Using this, I was able to list $8$ possible automorphisms. I did not check this carefully, but the autmorphisms that I listed each had order $2$ and I may not be remembering this correctly but a group of order $8$ where all the non-identity elements are of order $2$ is abelian.

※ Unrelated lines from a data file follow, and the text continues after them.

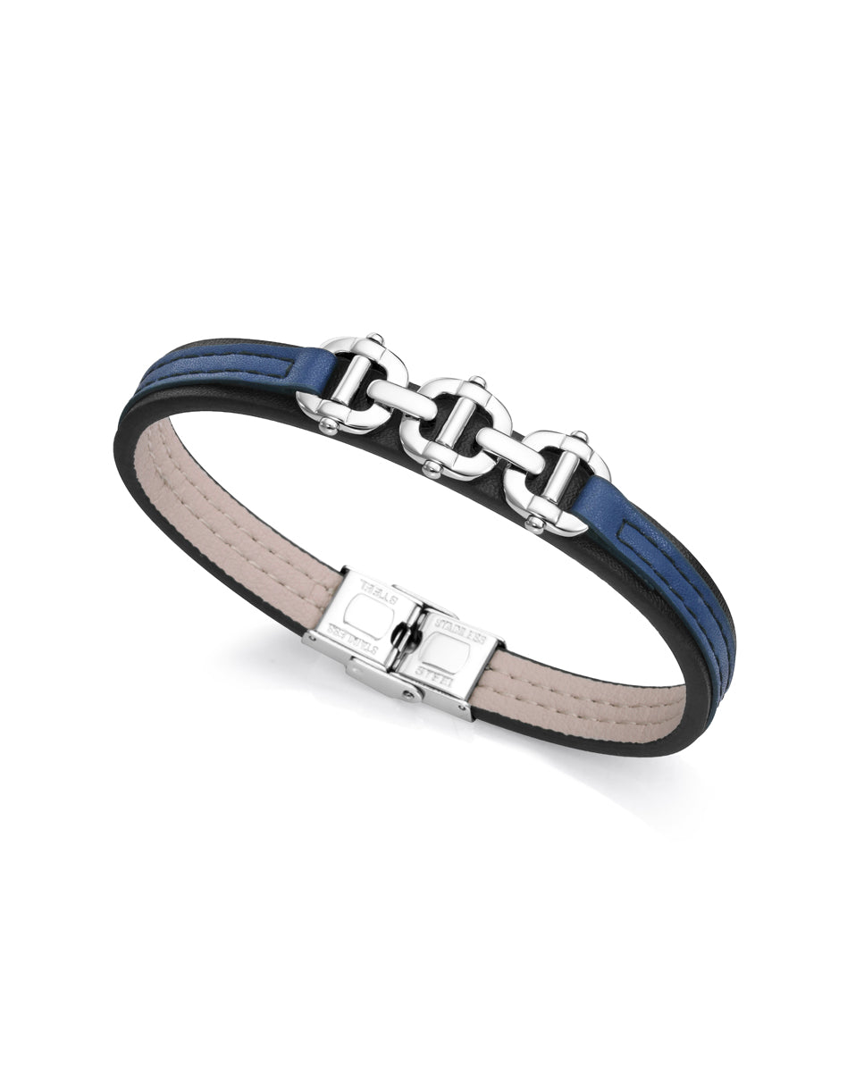 Bracciale Magnum in acciaio con motivo in pelle e acciaio nero e blu
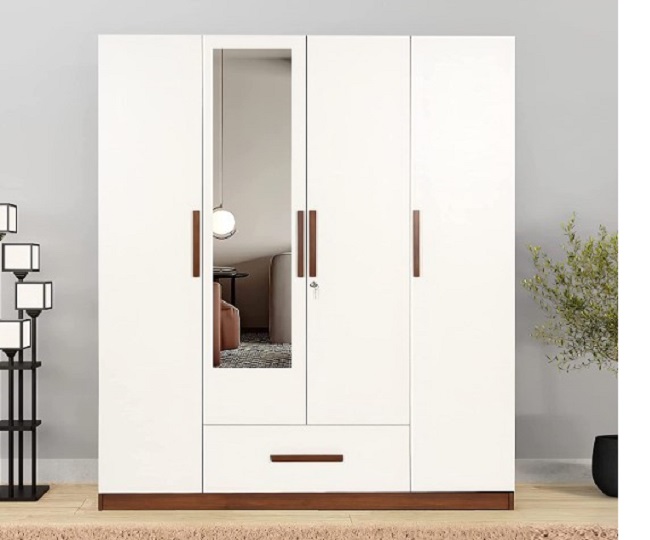 यह 4 डोर के साथ आने वाली बहुत ही बढ़िया अलमारी है। इस Wooden Wardrobe में आपको व्हाइट कलर का फिनिश मिलता है। यह वार्डरोब मिरर के साथ आती है।
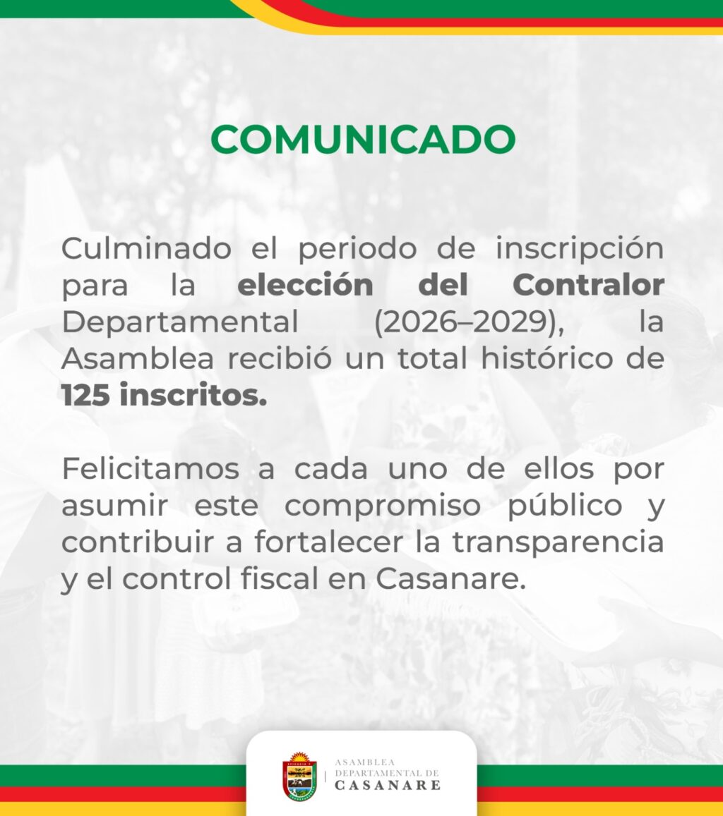 La Asamblea Departamental de Casanare alcanzó una participación inusitada en la convocatoria para elegir al Contralor Departamental para el periodo 2026-2029: llegaron 125 hojas de vida, cifra que supera por amplio margen los registros de procesos anteriores, según reportes preliminares difundidos por la corporación.
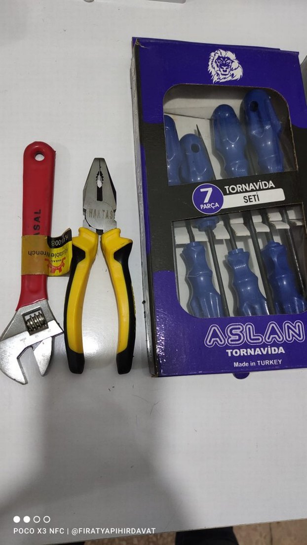 7 Li Tornavida takımı + Pense + 8 no Kurbacık 20 cm uzunluğunda sıfır ürünlerdir
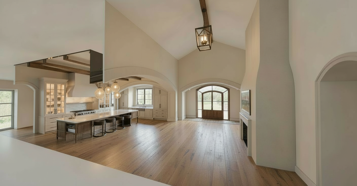 update the beams in the kitchen area to be painted a light taupe
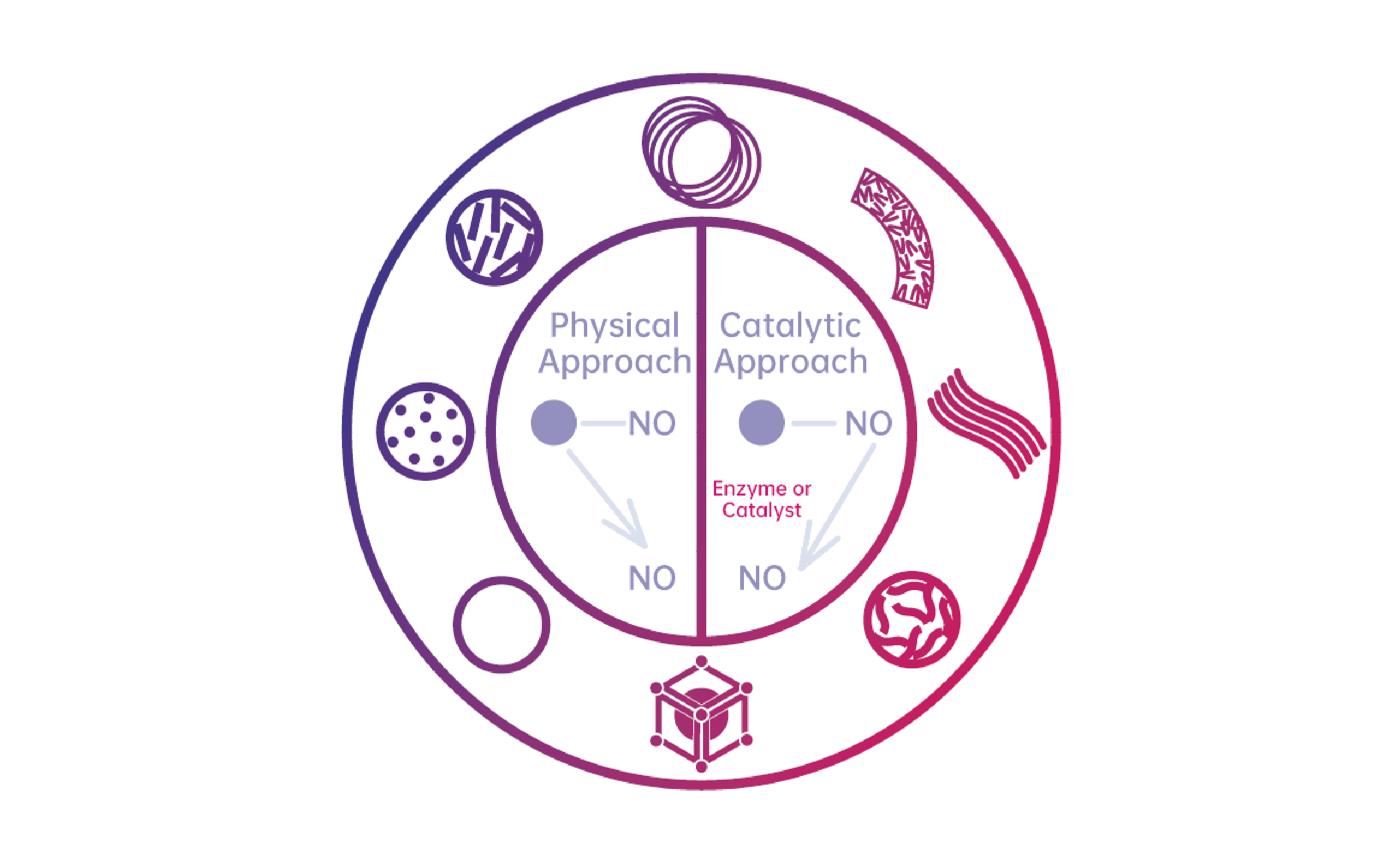 基于生物体内外扩张血管、抗菌抗病毒、工程组织再生、医美抗衰、疼痛管理、环境消杀等所需NO的作用时间和作用浓度不同需求,根据内源性、外源性NO气体分子释放机理及作用路径,设计合理对应的NO供体结构分子,确保其释放使用的精准可控、安全高效。
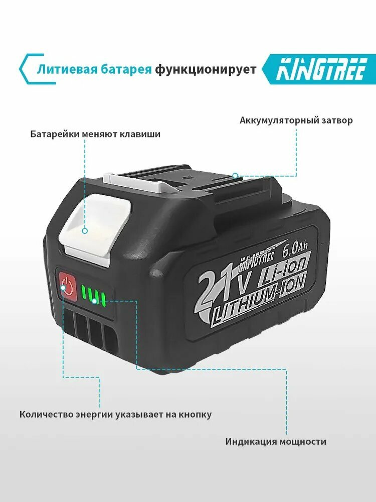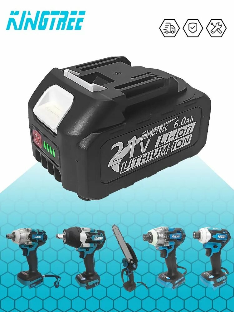 Kingtree Литиевая батарея для бытового электроинструмента, 21 В, 6,0 Ач (1 ячейка)8006 информация:
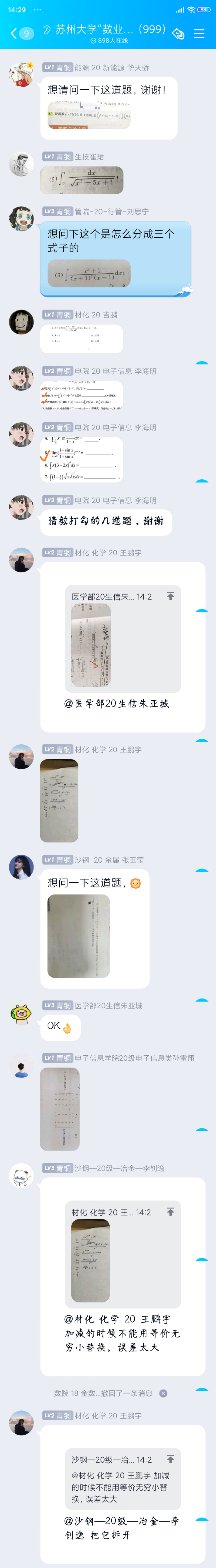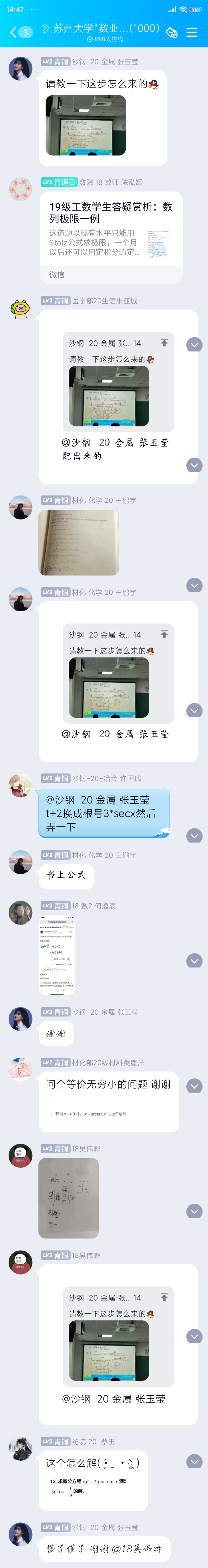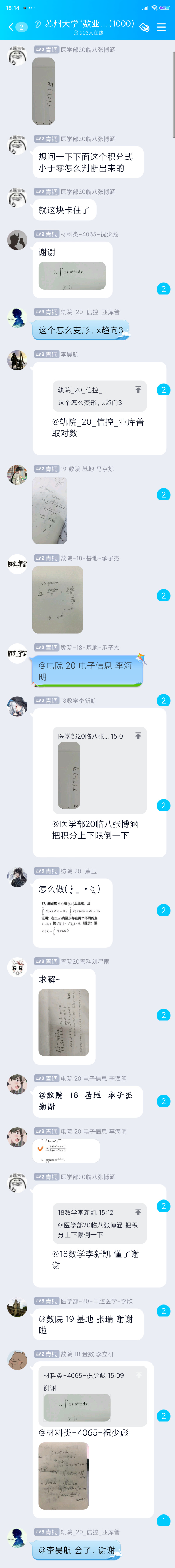 帮工团成员张海燕说:“一开始,我惊叹于qq群的学习氛围,没想到会有这么多同学加群并提问,还有同学相互帮助,各位帮工进行补充总结。”陈泓媛说:“我很高兴有此机会参与此次数业有帮工系列活动,既可以运用自己学习到的知识,突破时间、空间的限制,帮助高数有困难的同学,又可以与各位大佬进行线下交流,提升自己的知识水平,还能总结同学们高数问题的集中点,为该系列此后的活动提供素材。如果日后还有类似的活动,我一定会继续参加,可以用我自身的优势去帮助别人,同时对自己也有所帮助。”学习成员张玉莹说:“我感觉这个平台特别有帮助,来自不同学院、互相不认识的同学可以在这里互帮互助,数科院的同学特别负责,我提的问题都得到了耐心的解答,以后我还会继续学习,好好利用学校提供的学习平台。”

I turned to looking at $\mathrm{Aut}(\mathbb{Z}_{5} \times \mathbb{Z}_{25})$ where I found this question:
Properties of automorphism group of $G={Z_5}\times Z_{25}$
The answer uses the following proposition the result of which is found in the paper below(which I haven't finished reading yet to verify):
Christopher J. Hillar, Darren Rhea, Automorphisms of finite Abelian groups, arXiv
For example, if $p$ is a prime, then $$\mathrm{End}(\mathbb{Z}/p \times \mathbb{Z}/p^2) \cong \begin{pmatrix} \hom(\mathbb{Z}/p,\mathbb{Z}/p) & \hom(\mathbb{Z}/p^2,\mathbb{Z}/p) \\ \hom(\mathbb{Z}/p,\mathbb{Z}/p^2) & \hom(\mathbb{Z}/p^2,\mathbb{Z}/p^2) \end{pmatrix} \cong \begin{pmatrix} \mathbb{Z}/p & \mathbb{Z}/p \\ \mathbb{Z}/p & \mathbb{Z}/p^2 \end{pmatrix}$$
But I think based on that result, my conclusion that $\mathrm{Aut}(\mathbb{Z}_{2} \times \mathbb{Z}_{4})$ is abelian looks to be false.
I am essentially wondering if I did something wrong